# Galaxy Danios



## Brilliant (Jun 25, 2006)

Hey guys,

Whos up for breeding Galaxy danios? I will have a batch of tank bred fish ready within a month or two. I dont really know how long until they are sexable.

These are not free....there are a few requirements. You must have an available tank ready for breeding, species only. A single 20L works perfectly or 2x10g tanks. You must pledge to try and breed them. I can help with the rest.


----------



## Ed_Alfonso (Dec 10, 2005)

Frank,
I have room for some GD's I have a few 15's & 20L's that are empty. I will call you.
Ed


----------



## Brilliant (Jun 25, 2006)

Great now we just need to meetup.

I just hatched a new batch so if anyone else is interested in breeding let me know, see first post.

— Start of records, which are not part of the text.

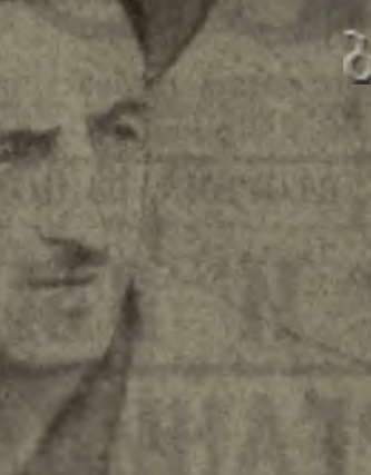
На сессии районного Совета депутатов трудящихся за последние годы стал смелее искать новые, более совершенные формы и методы работы, глубже и серьезнее вникать в экономику сельскохозяйственного производства, заниматься такими насущными проблемами, как рентабельность хозяйства, материальная заинтересованность в развитии, общественное производство, внутрихозяйственный расчет.
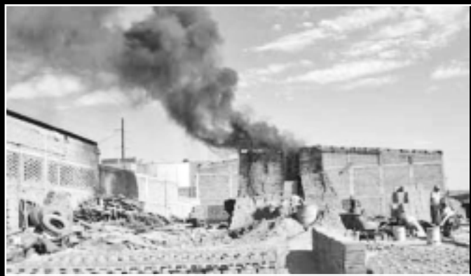
Vecinos de la zona norte son quienes sufren las consecuencias de la contaminación que generan las ladrilleras.

El legislador expuso que hay hornos ecológicos que cumplen todas las normas ambientales y son los que deben estar en funcionamiento, "quienes se dedican a esta actividad deben invertir, deben ser conscientes del grave daño que causan al medio ambiente y a la salud de las personas, incluyendo a sus seres cercanos".
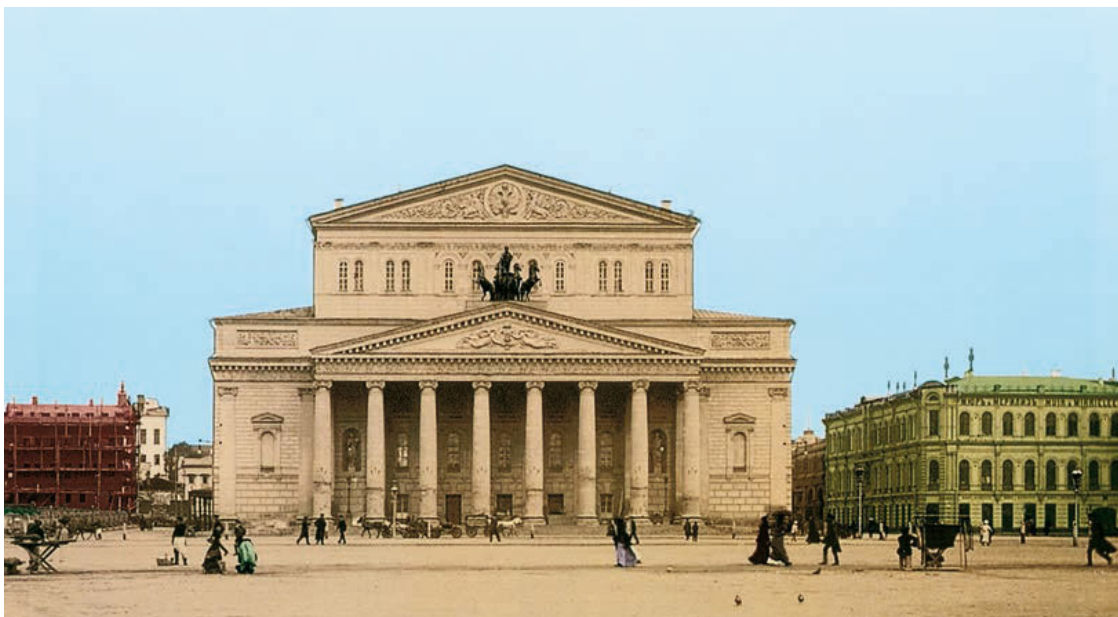
Театральная площадь в начале XX века
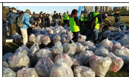
写真3 荒川での清掃活動(11/27)
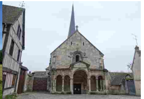
L'église de Dangu (classée MH)
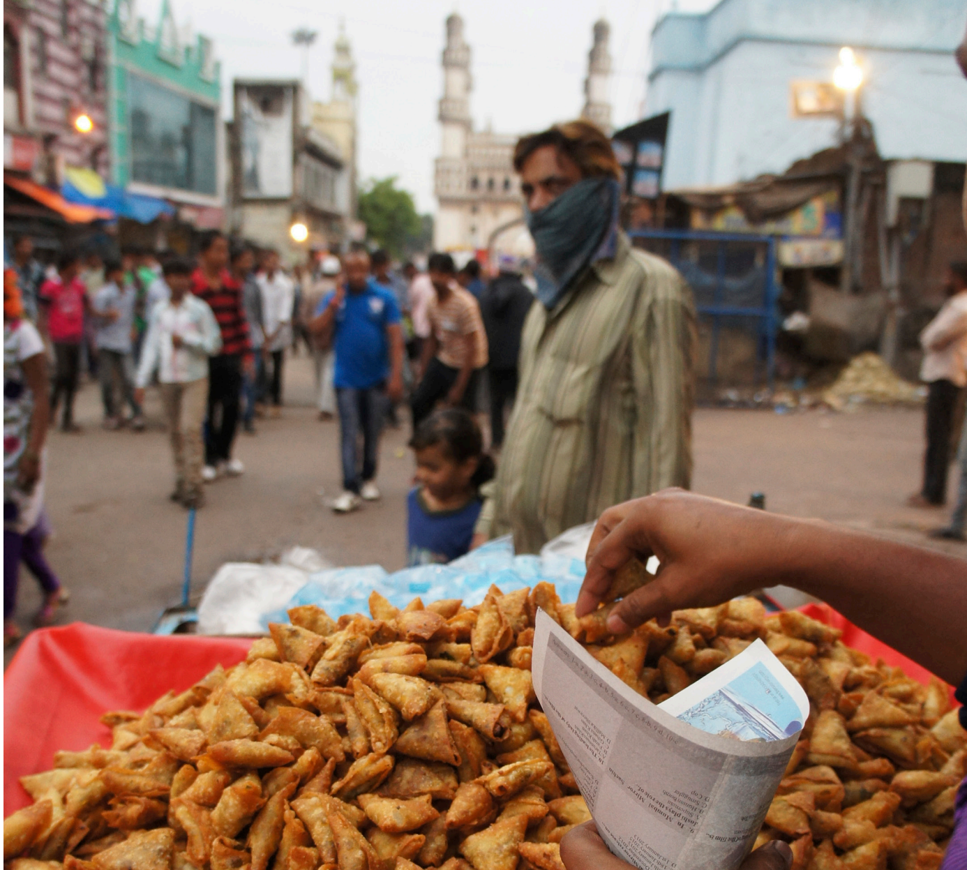
صور المدينة القديمة - حيدر آباد، الهند
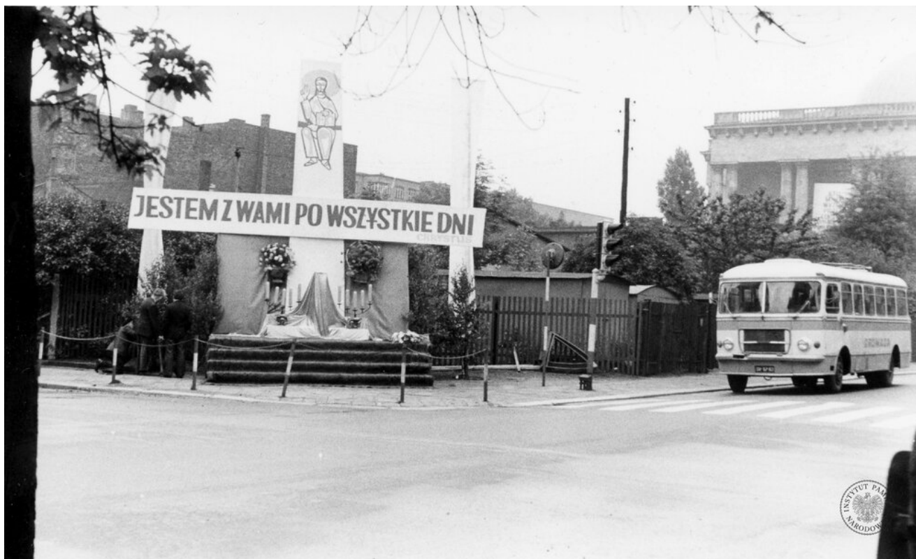
Autobus „San 100” na ul. Wita Stwosza w Katowicach. Zdjęcie zrobiono podczas Bożego Ciała, 17 VI 1976 r. (IPN Ka 085/64, t. 28/1)
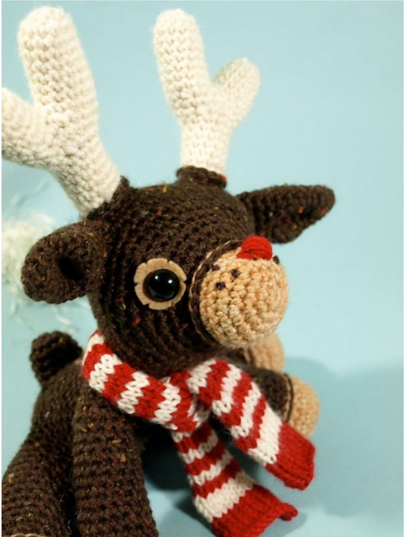
Fig 8: Dawn's Murray (the merry) reindeer
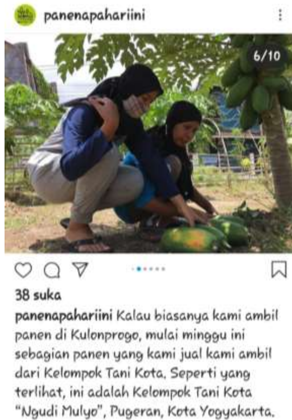
Gambar 19. Pemasaran Produk Kelompok Melalui Medsos
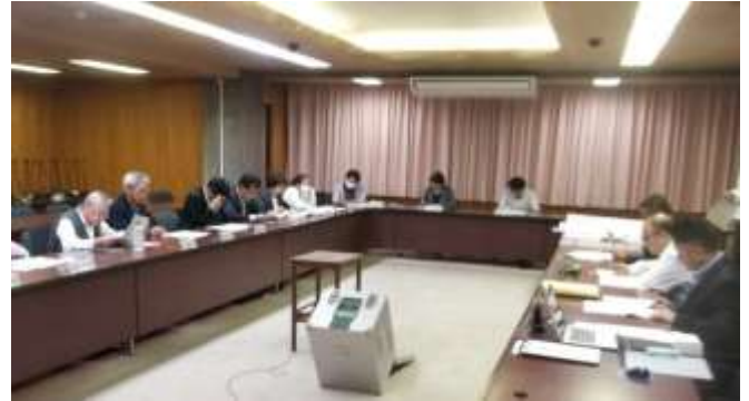
令和7年10月16日 会議の様子

Please express your thanks to Erin, she made this possible.


----------



## Emc2 (Oct 29, 2005)

I'm glad to see you were able to breed them and share the wealth. Congratulations.


----------



## dawntwister (Sep 29, 2007)

I would like to see how they look. Googled them but couldn't find them. Perhaps they are listed under another name?


----------



## Brilliant (Jun 25, 2006)

Here you go

http://images.google.com/images?um=1&hl=en&rls=com.microsoft:*&q=galaxy+rasbora

There seems to be many other names. When I made this they decide to call them danios. 



Emc2 said:


> I'm glad to see you were able to breed them and share the wealth. Congratulations.


I was under pressure!  Thank you.


----------